While definitely the brightest comedian of his time, Andy’s “stand-up” journeyed far beyond the constraints of “comic.” His humor evolved, past the vanishing point, and as such, he transcended “magician,” even. They talk of actors “breaking the fourth wall.” Andy Kaufman broke 99 bottles of beer on said wall, and then Tony Clifton shattered the 100th over the head of AK partner in crime, Bob Zmuda. [Dr. Jekyll to Kaufman’s Mr. Hyde.] David Dalton called James Dean "The Mutant King." If ever there was a Mutant Jester in our midst, it was Andy Kaufman. [Not to mention his love-hate, "friend/enemy," Tony the Lounge Lizard King, as the Joker in the trick deck. Kaufman [and, variously, Kaufman and/or Clifton and/or Zmuda] was like some bizarre fusion of Kovacs, Lenny Bruce [see the infamous, censored, Letterman Jerry Lawler slap heard ‘round the world], Don Rickles, Abbie Hoffman [“Levitate the Pentagon!”], and Mr. Rogers, with all the unusual suspects [Elvis, Fred Blassie, Mighty Mouse, Howdy Doody, hookers, etc.] thrown into his ice cream stew, simmering in a pot on a stove just hot enough to touch. Andy made insanity more humane. Hell, there even seemed to be a splinter of Ed Sullivan [the all too wooden, adult Doody?] stuck in there somewhere. And maybe a deadpan dash of Warhol, too. Apparently, Kaufman was blissfully ignorant of Dada, an ocean of thought processes that flowed to his own chart, fifty years removed. But, like his supposed unfamiliarity with Marcel Duchamp and Company, Andy also played the fool when it came to his knowledge of Ernie and his own rogue’s gallery of characters. [Percy Dovetonsils: “Greetings over your orthicon tube!”] Personally, I think Andy knew better. [Kaufman was a TV babe in the woods at the height of Kovacs’ black and white wood shedding.] But then again, Andy was his own Dada. And Mama.

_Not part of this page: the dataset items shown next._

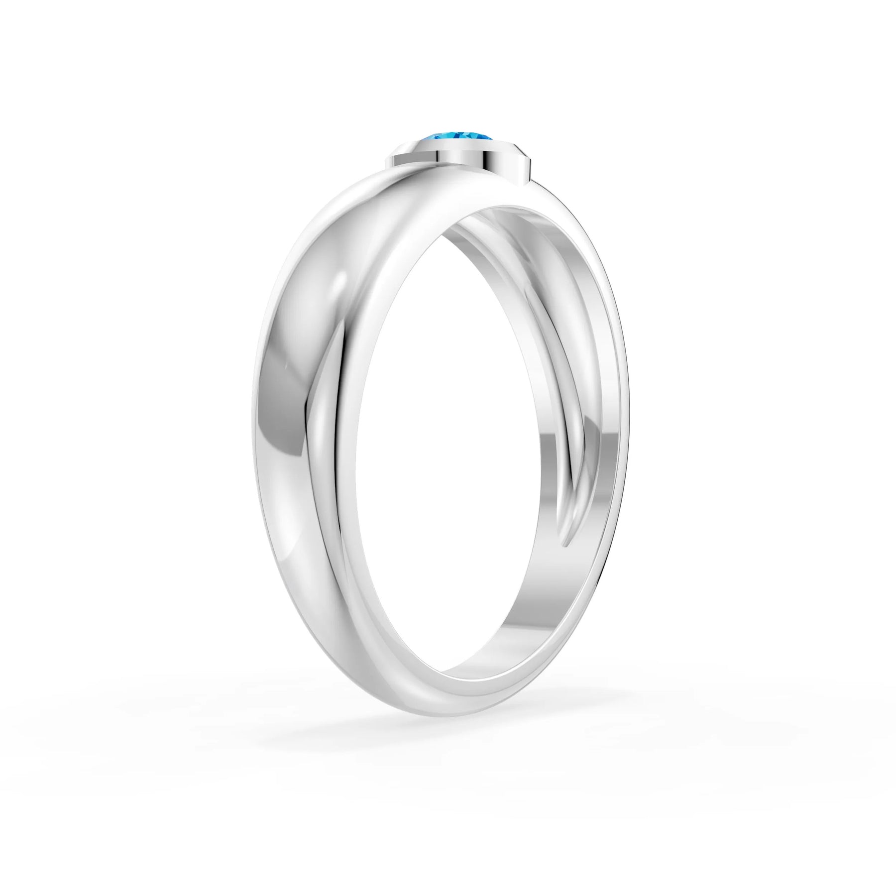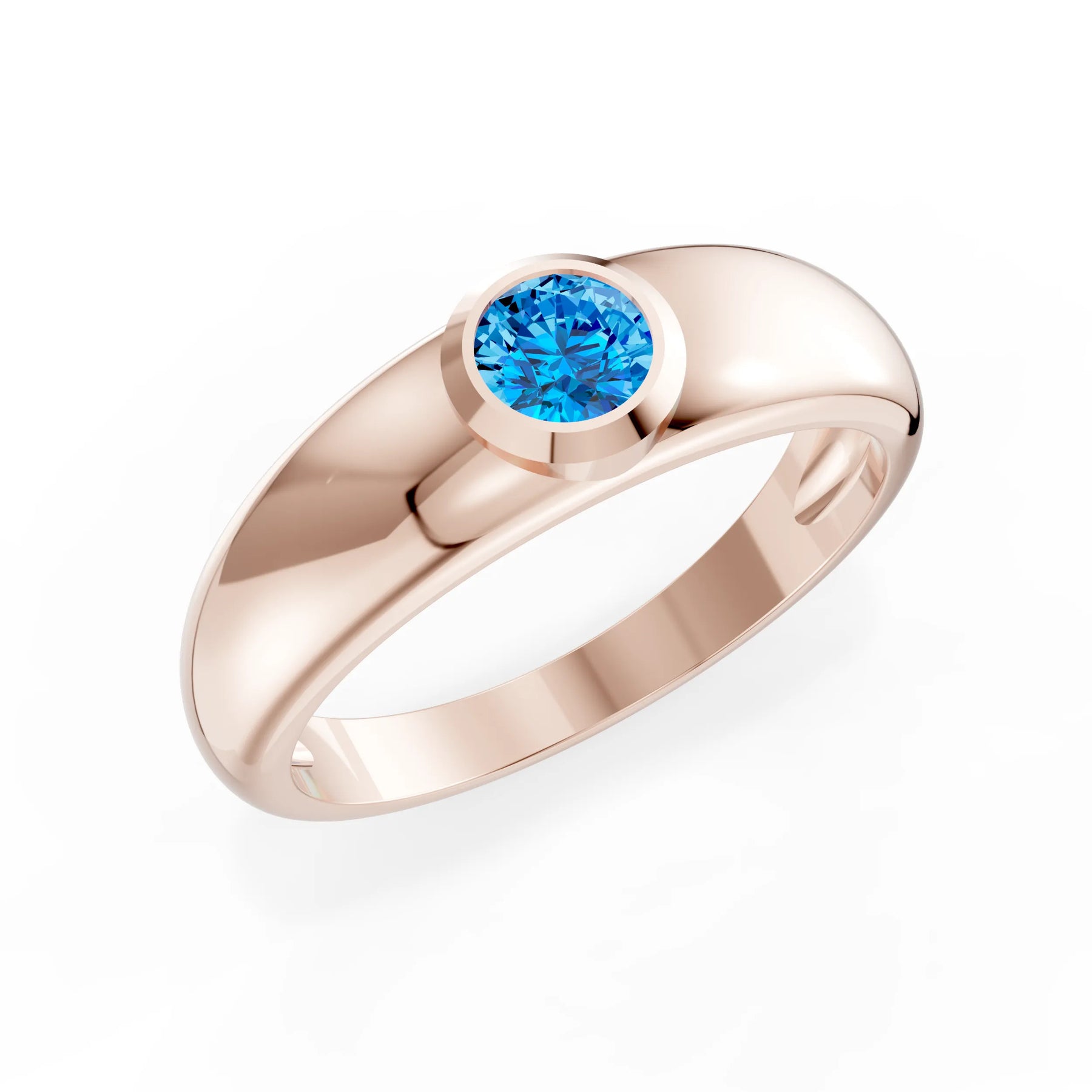Swiss Blue Topaz Bezel Set Round Cut Signet Ring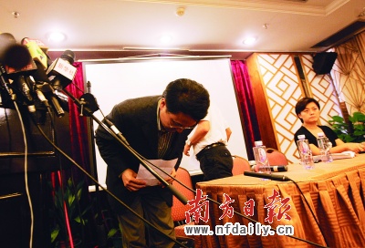 在30日下午舉行的新聞發(fā)布會(huì)上,東部華僑城總經(jīng)理曾輝向死難者家屬和社會(huì)鞠躬道歉。丁玎攝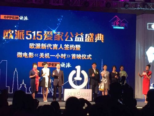 2015年5月15日,第22个国际家庭日,欧派515爱家公益盛典在上海浦东文华东方酒店隆重举行。在这场为公益鼓与呼的盛典中,孙俪、周冬雨、李行亮等明星齐聚一堂,与欧派家居集团共同发出“为爱关机一小时”的倡议,呼吁社会关注家庭健康问题,用心陪伴家人。在盛典上,孙俪正式签约欧派家居集团,成为欧派新任品牌形象代言人和爱家大使。同时,由欧派斥资拍摄、90后人气明星周冬雨主演的公益微电影《关机一小时》也在盛典上举行了首映礼。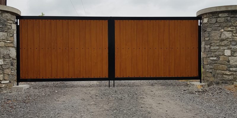 Steel framed entrance gates clad with timber effect plastic boards. All steel work is hot dipped galvanised with a black […]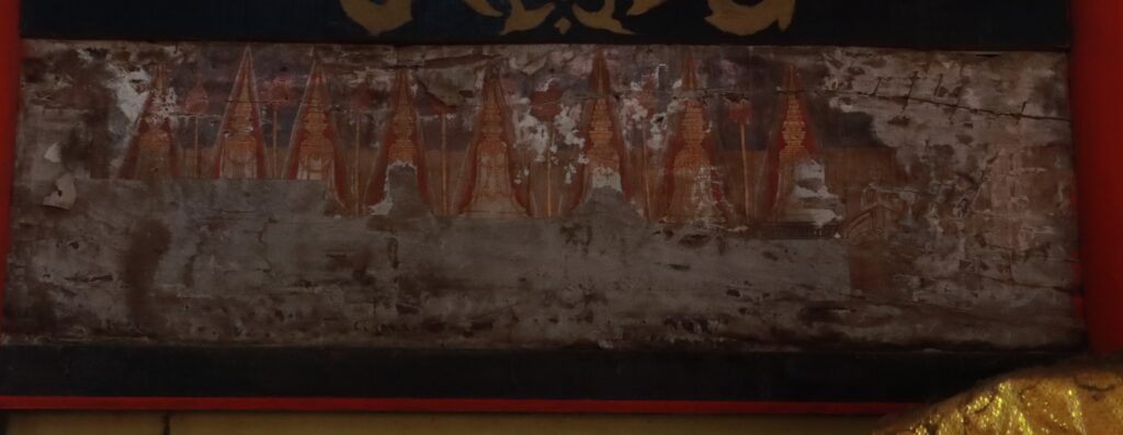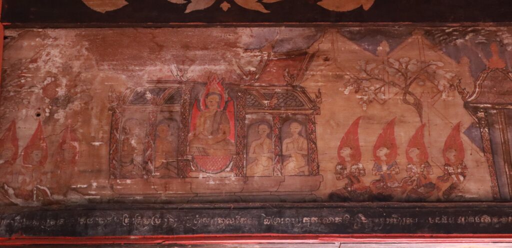 នៅផ្នែកខាងក្នុងនៃព្រះវិហារបុរាណនេះដែរ ក៏មានគំនូរសេសសល់ពីការខូចខាតខ្លះគូរនៅលើហប់ខ្យល់ ហើយគូរជាប្រភេទគំនូរបុរាណ។ អ្នកស្រាវជ្រាវ ដានីញែល និង ដូមីនិក-ព្យែរ ហ្គេរេត៍ (Danielle & Dominique-Pierre Guéret) យល់ថាគំនូរនោះជាគំនូរពុទ្ធប្រវត្តិលាយគ្នាជាមួយឈុតឆាកខ្លះៗនៃរឿងជាតក និងរឿងរាមកេរ្តិ៍នៅផ្នែកខាងក្រោម។ អ្នកស្រាវជ្រាវទាំង២យល់ថា គំនូរនេះគឺមានតែមួយគត់ក្នុងប្រទេសកម្ពុជា។ ប៉ុន្តែយ៉ាងណាក្តី សព្វថ្ងៃគេឃើញមានគំនូរនៅសល់២ផ្ទាំងស្ថិតនៅលើហប់ខ្យល់ ដែលទំនងគូរដកស្រង់ពីព្រេងកថាណាមួយក្នុងពុទ្ធប្រវត្តិ ហើយសិល្បៈគូរគំនូរបុរាណលើហប់ខ្យល់បែបនេះ គេឃើញនៅតាមព្រះវិហារបុរាណផ្សេងទៀតដូចជា វត្តចិនដំដែក (ភ្នំពេញ), វត្តពុទ្ធា (ត្បូងឃ្មុំ), និងវត្តល្វេ (កំពង់ចាម)ជាដើម។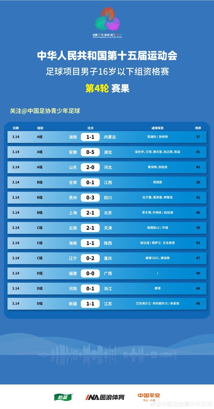 中華人民共和國(guó)第十五屆運(yùn)動(dòng)會(huì)足球項(xiàng)目男子16歲以下組資格賽第4輪賽果 ?????? 本文標(biāo)簽: 足球 中超 中國(guó)足球 轉(zhuǎn)載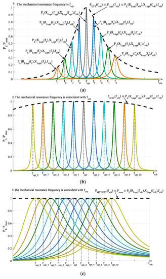 Typical trends vs. the normalized vibration frequency of the powers provided to the load by a RVEH (P-RVEH or E-RVEH) with the application of: (a) ETT, (b) MTT, (c) both ETT and MTT.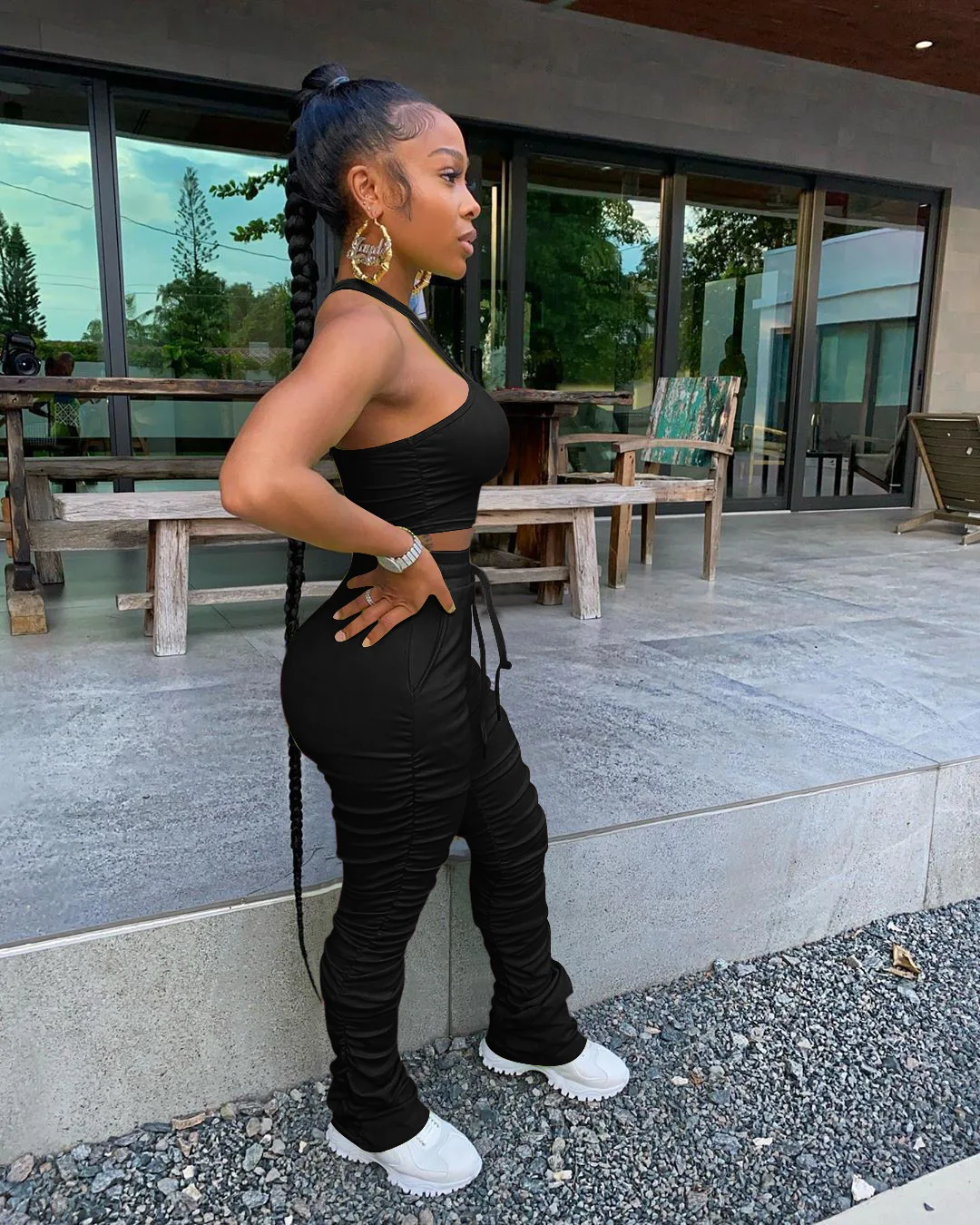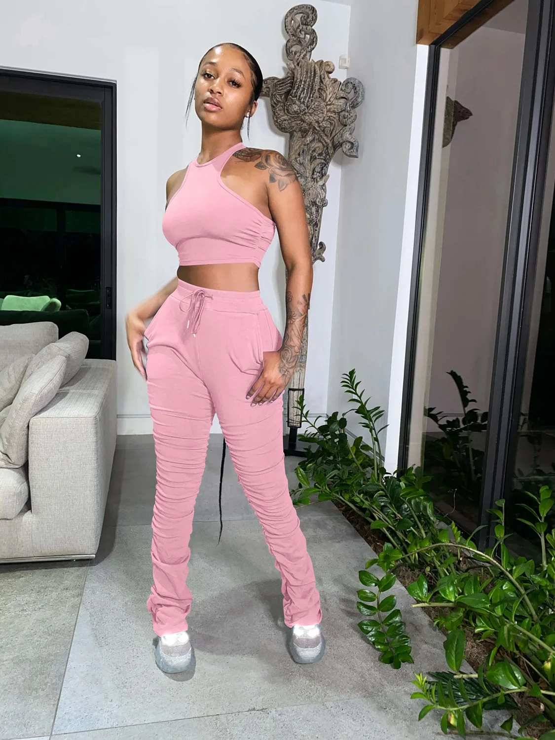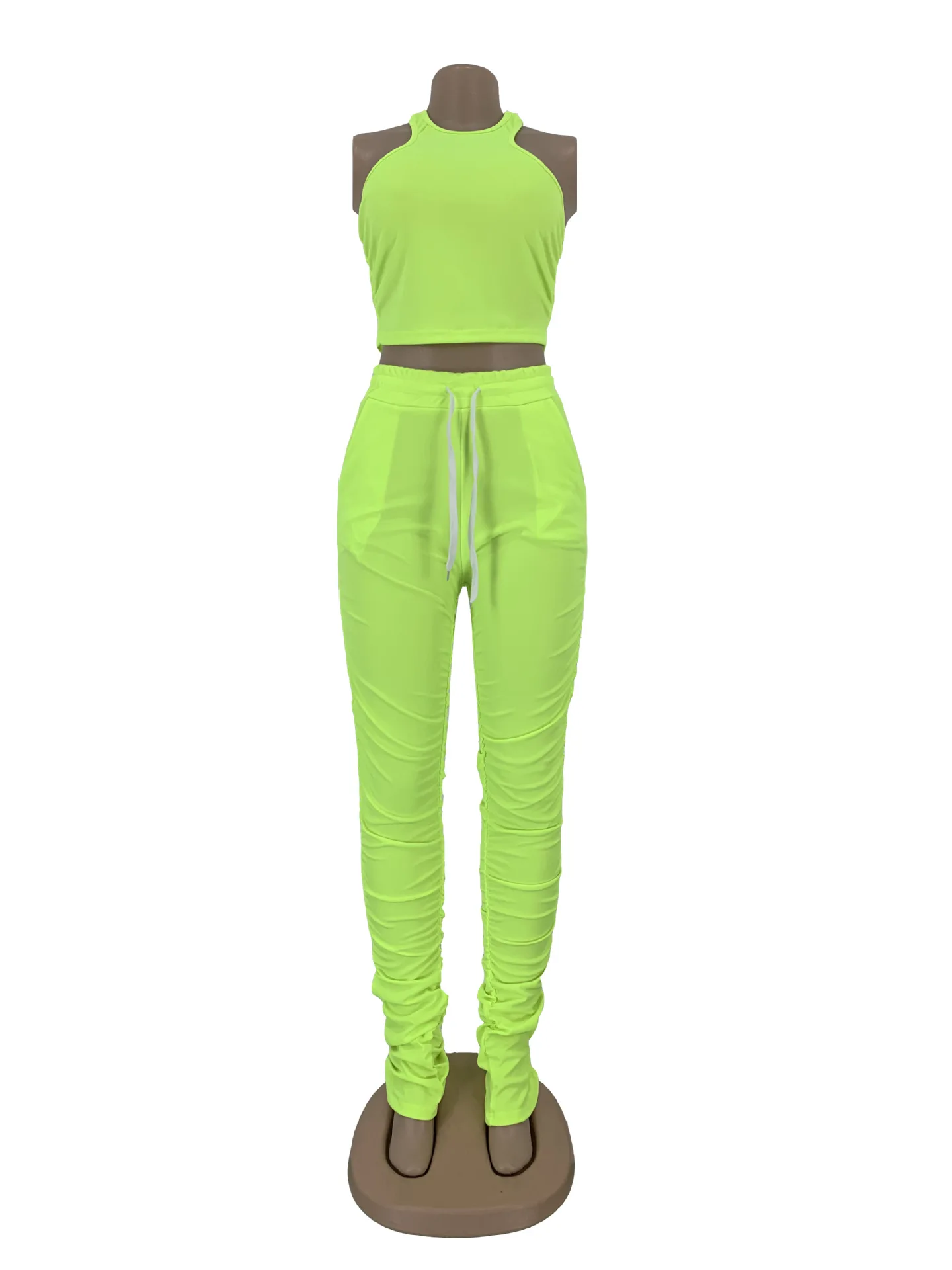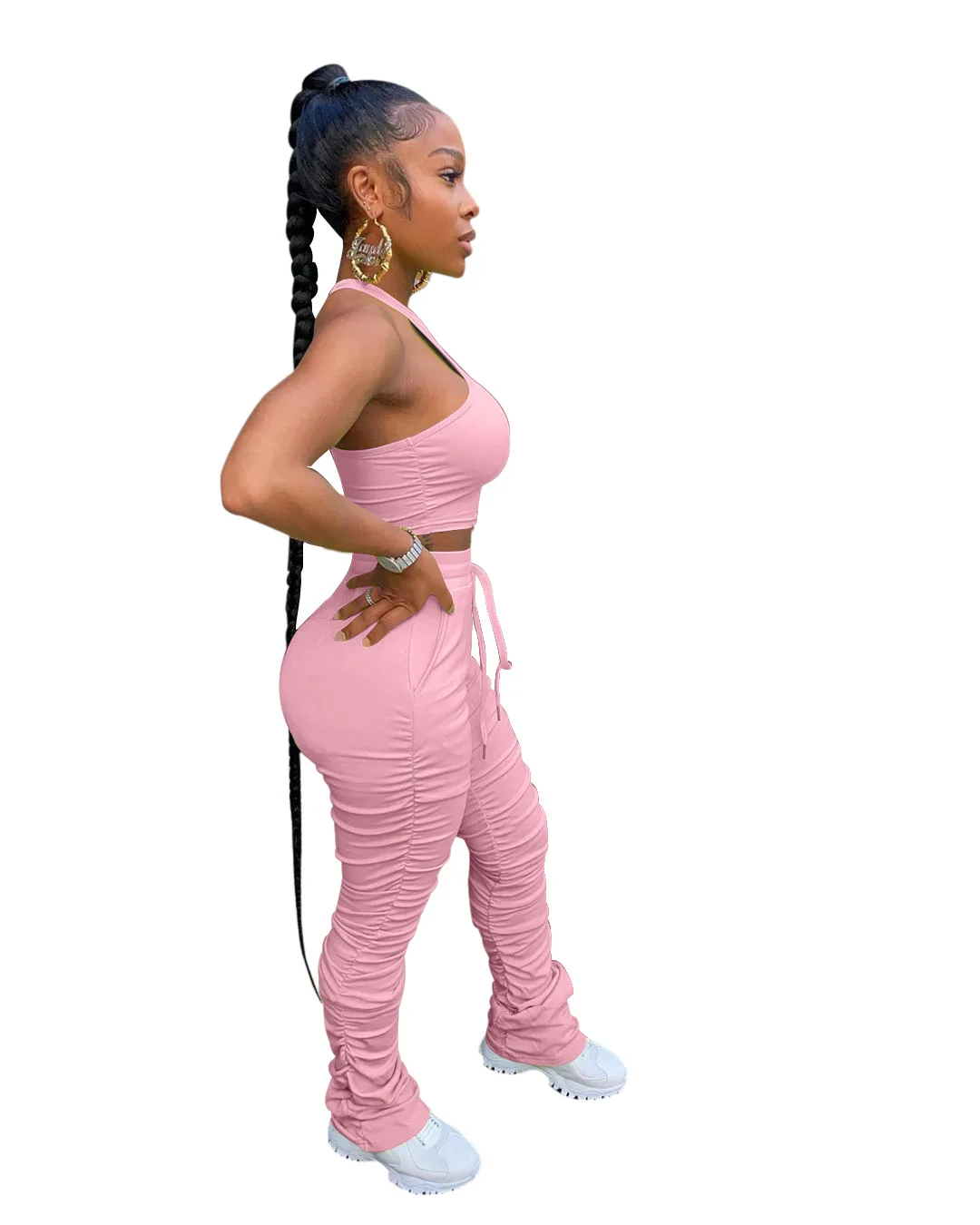Женский спортивный костюм из двух предметов, облегающие леггинсы для фитнеса, укороченный топ без рукавов и спортивные штаны, одежда для отдыха на лето

Andy Kaufman was the self-appointed “Intergender Wrestling Champion of the World,” and at the same time, he was also Heavyweight Antisocial Critic of the Idiot Box. Though he feigned political indifference, Andy was every bit the cultural grappler that Lenny Bruce was, utilizing Headlocks and Full Nielsens [sic], both in and out of the [center] ring; in attempting to pin down humanity’s reaction to feminism, Kaufman utilized a different type of hold: the Flying Full-Body Mindfuck.

Andy Kaufman was bold enough to ask, “What’s real? What’s not?” yet shy enough to leave the query unanswered. Beyond rhetoric, one might add to that equation, “Who’s real? Who’s not?” As Louise Norton inquired of the equally enigmatic Duchamp: “Is he serious? Or is he joking? Perhaps he is both.” [Perhaps he is.] The faker faking out the fakir within.

It was [and is] Andy’s fun house. We’re all just warped reflections in his room full of cracked mirrors. And now, Andy has been [!] resurrected, but with a twist, of course: putting one [or more] over on the one show business stunt that’s never been pulled, not even by Houdini. [How can you raise the dead if they’ve never been lowered in the first place?] Dead or alive, wax or not, hoax or no hoax, Andy Kaufman’s introduced himself to a whole new generation of TV Babies. TiVo Babies, if you will. Whatever, whoever they are, they’re fortunate to have been infected with a particular strain of Kaufmanitus, one that’s as strong, and strange, as it was back when Andy was giving their parents the old neo-surrealist song and dance disease. [And that’s deadlier than any infection lung cancer can cough up]. The last major Cough Man wave seemed to embody the end-of-the-century/new-millennium zeitgeist. Following an additional 15 minutes of fame on the silver screen, thanks to Man on the Moon, a small neon Andy Kaufman [er, Jim Carrey-as-Andy Kaufman] life-death mask now hangs in the Comedy Store on Sunset Boulevard. But a huge, invisible Kaufman question mark hangs in the balance. Half a decade down the line, one wonders what Andy would think of America’s Bushwhacked House of Planet Hollywood Blues. [Or what he thinks of it.] It’s an infotainment nation and we’re all wearing remote control underwear. And in an increasingly “dumb and dumber” world, you can bet that Andy’s still got the brains. But is this still only a test?